▶ **EXERCISE INSTRUCTIONS**: From the entries below, return only the lines starting at the one that contains "- With 80 inches" and ending at the one that contains "(4)建设四方共同决定建立各", exactly as they stand.

▶ **THE DATA**:
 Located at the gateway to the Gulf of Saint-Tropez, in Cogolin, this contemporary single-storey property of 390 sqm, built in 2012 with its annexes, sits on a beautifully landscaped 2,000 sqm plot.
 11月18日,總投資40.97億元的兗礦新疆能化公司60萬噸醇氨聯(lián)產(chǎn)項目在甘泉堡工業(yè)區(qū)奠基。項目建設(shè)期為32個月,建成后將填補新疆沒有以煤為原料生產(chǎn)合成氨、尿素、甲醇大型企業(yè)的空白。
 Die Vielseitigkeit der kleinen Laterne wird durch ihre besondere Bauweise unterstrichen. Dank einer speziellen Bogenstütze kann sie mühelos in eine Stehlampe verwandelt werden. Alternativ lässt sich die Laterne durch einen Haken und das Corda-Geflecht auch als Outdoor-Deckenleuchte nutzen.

==

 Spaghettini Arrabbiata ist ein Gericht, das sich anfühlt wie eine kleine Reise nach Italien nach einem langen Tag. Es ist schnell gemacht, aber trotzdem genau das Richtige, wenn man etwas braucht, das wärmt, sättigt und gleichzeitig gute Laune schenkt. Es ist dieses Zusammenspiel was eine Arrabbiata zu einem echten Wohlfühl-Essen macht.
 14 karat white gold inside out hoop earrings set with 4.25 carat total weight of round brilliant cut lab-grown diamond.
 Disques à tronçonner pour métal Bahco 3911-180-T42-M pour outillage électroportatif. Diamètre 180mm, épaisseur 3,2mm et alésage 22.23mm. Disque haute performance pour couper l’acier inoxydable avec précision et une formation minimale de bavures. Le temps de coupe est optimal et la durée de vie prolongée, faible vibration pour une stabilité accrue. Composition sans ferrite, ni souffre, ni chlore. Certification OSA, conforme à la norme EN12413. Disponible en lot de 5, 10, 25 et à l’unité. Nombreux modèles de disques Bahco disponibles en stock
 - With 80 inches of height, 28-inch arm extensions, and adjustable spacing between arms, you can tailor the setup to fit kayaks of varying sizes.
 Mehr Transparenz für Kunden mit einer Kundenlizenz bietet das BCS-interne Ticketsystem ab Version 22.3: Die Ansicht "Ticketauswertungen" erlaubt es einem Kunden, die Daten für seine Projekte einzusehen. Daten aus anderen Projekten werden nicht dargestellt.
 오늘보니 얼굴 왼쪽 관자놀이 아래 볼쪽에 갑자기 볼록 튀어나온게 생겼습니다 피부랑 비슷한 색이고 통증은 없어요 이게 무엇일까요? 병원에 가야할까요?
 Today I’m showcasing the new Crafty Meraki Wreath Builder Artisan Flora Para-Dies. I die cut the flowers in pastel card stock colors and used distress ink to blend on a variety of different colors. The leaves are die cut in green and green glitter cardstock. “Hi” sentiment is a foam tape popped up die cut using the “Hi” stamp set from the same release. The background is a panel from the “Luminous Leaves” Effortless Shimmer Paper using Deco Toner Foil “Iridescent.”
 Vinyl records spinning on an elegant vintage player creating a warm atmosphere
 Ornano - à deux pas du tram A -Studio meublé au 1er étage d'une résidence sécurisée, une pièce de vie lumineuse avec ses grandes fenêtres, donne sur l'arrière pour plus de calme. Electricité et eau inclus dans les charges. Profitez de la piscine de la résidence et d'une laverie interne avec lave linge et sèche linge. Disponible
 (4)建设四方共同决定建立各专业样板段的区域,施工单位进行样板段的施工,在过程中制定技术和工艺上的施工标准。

▶ **WRITTEN SOLUTION**:
 - With 80 inches of height, 28-inch arm extensions, and adjustable spacing between arms, you can tailor the setup to fit kayaks of varying sizes.
 Mehr Transparenz für Kunden mit einer Kundenlizenz bietet das BCS-interne Ticketsystem ab Version 22.3: Die Ansicht "Ticketauswertungen" erlaubt es einem Kunden, die Daten für seine Projekte einzusehen. Daten aus anderen Projekten werden nicht dargestellt.
 오늘보니 얼굴 왼쪽 관자놀이 아래 볼쪽에 갑자기 볼록 튀어나온게 생겼습니다 피부랑 비슷한 색이고 통증은 없어요 이게 무엇일까요? 병원에 가야할까요?
 Today I’m showcasing the new Crafty Meraki Wreath Builder Artisan Flora Para-Dies. I die cut the flowers in pastel card stock colors and used distress ink to blend on a variety of different colors. The leaves are die cut in green and green glitter cardstock. “Hi” sentiment is a foam tape popped up die cut using the “Hi” stamp set from the same release. The background is a panel from the “Luminous Leaves” Effortless Shimmer Paper using Deco Toner Foil “Iridescent.”
 Vinyl records spinning on an elegant vintage player creating a warm atmosphere
 Ornano - à deux pas du tram A -Studio meublé au 1er étage d'une résidence sécurisée, une pièce de vie lumineuse avec ses grandes fenêtres, donne sur l'arrière pour plus de calme. Electricité et eau inclus dans les charges. Profitez de la piscine de la résidence et d'une laverie interne avec lave linge et sèche linge. Disponible
 (4)建设四方共同决定建立各专业样板段的区域,施工单位进行样板段的施工,在过程中制定技术和工艺上的施工标准。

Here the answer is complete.